● **Data**:
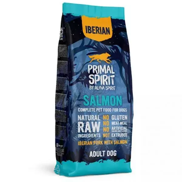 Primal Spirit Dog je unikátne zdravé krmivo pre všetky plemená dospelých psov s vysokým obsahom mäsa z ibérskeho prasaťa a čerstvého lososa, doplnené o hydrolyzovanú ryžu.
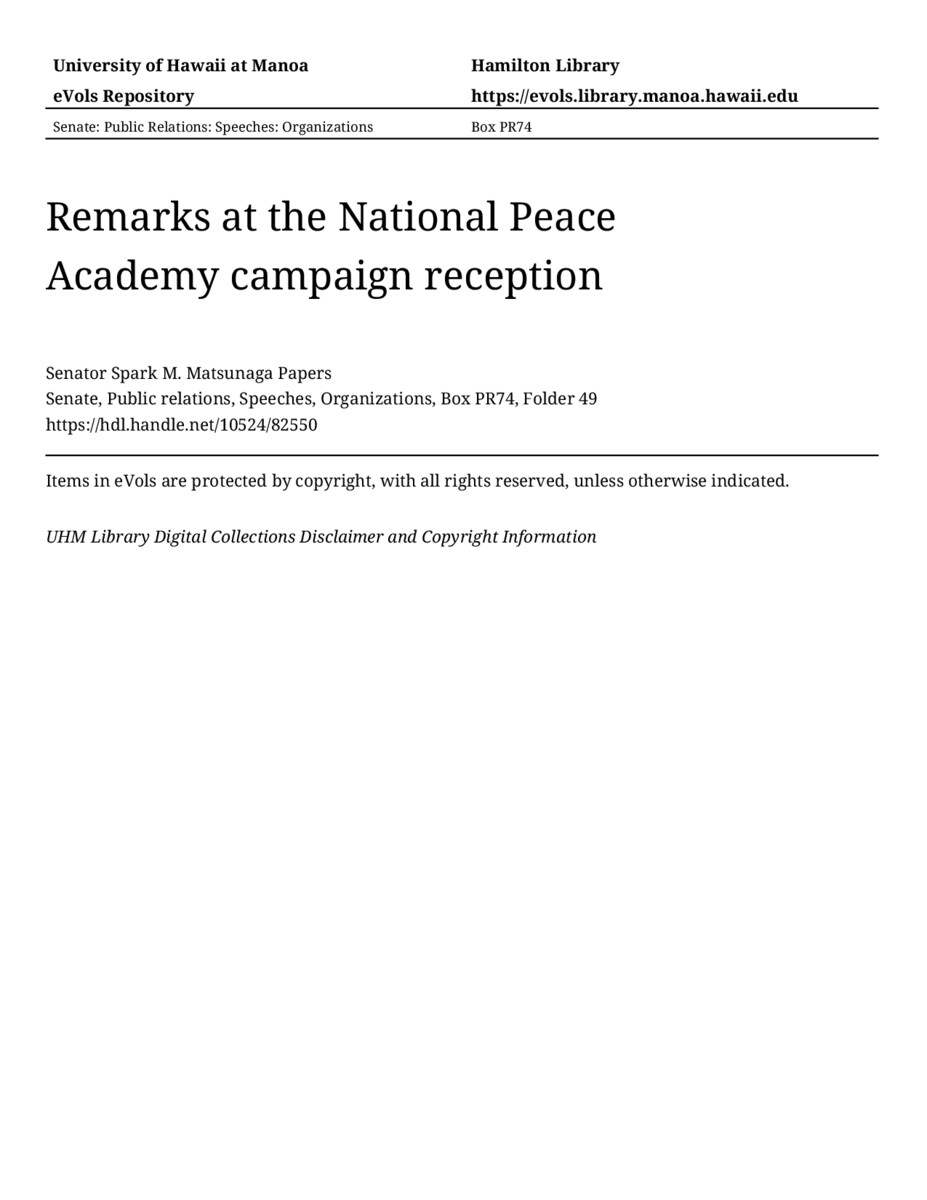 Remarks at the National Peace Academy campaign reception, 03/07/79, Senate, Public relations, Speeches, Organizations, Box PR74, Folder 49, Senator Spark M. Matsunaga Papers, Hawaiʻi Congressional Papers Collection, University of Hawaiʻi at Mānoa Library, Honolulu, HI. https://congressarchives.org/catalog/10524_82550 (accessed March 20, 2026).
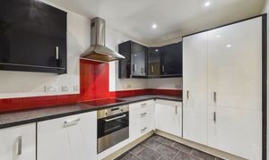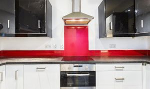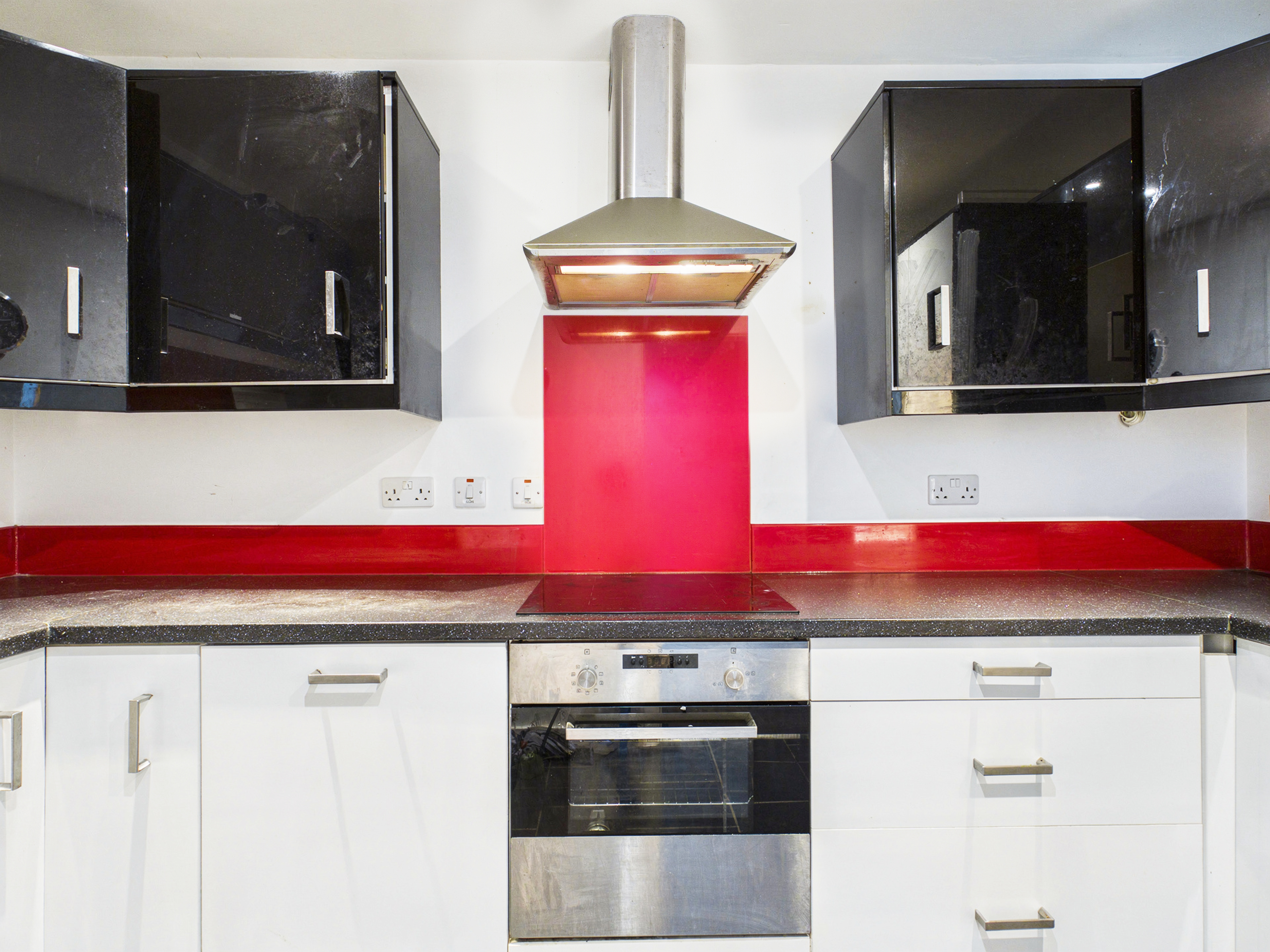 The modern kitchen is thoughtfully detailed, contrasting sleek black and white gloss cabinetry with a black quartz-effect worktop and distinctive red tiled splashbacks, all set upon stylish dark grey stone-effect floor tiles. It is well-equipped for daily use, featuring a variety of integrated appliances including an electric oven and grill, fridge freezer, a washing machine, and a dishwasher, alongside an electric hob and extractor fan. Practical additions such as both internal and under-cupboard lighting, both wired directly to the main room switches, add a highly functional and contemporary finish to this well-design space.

● **Instructions to follow**: Print the whole listing exactly, please, and keep any images out of it.

● **Output for this exercise**:
 Primal Spirit Dog je unikátne zdravé krmivo pre všetky plemená dospelých psov s vysokým obsahom mäsa z ibérskeho prasaťa a čerstvého lososa, doplnené o hydrolyzovanú ryžu.
 Remarks at the National Peace Academy campaign reception, 03/07/79, Senate, Public relations, Speeches, Organizations, Box PR74, Folder 49, Senator Spark M. Matsunaga Papers, Hawaiʻi Congressional Papers Collection, University of Hawaiʻi at Mānoa Library, Honolulu, HI. https://congressarchives.org/catalog/10524_82550 (accessed March 20, 2026).
 The modern kitchen is thoughtfully detailed, contrasting sleek black and white gloss cabinetry with a black quartz-effect worktop and distinctive red tiled splashbacks, all set upon stylish dark grey stone-effect floor tiles. It is well-equipped for daily use, featuring a variety of integrated appliances including an electric oven and grill, fridge freezer, a washing machine, and a dishwasher, alongside an electric hob and extractor fan. Practical additions such as both internal and under-cupboard lighting, both wired directly to the main room switches, add a highly functional and contemporary finish to this well-design space.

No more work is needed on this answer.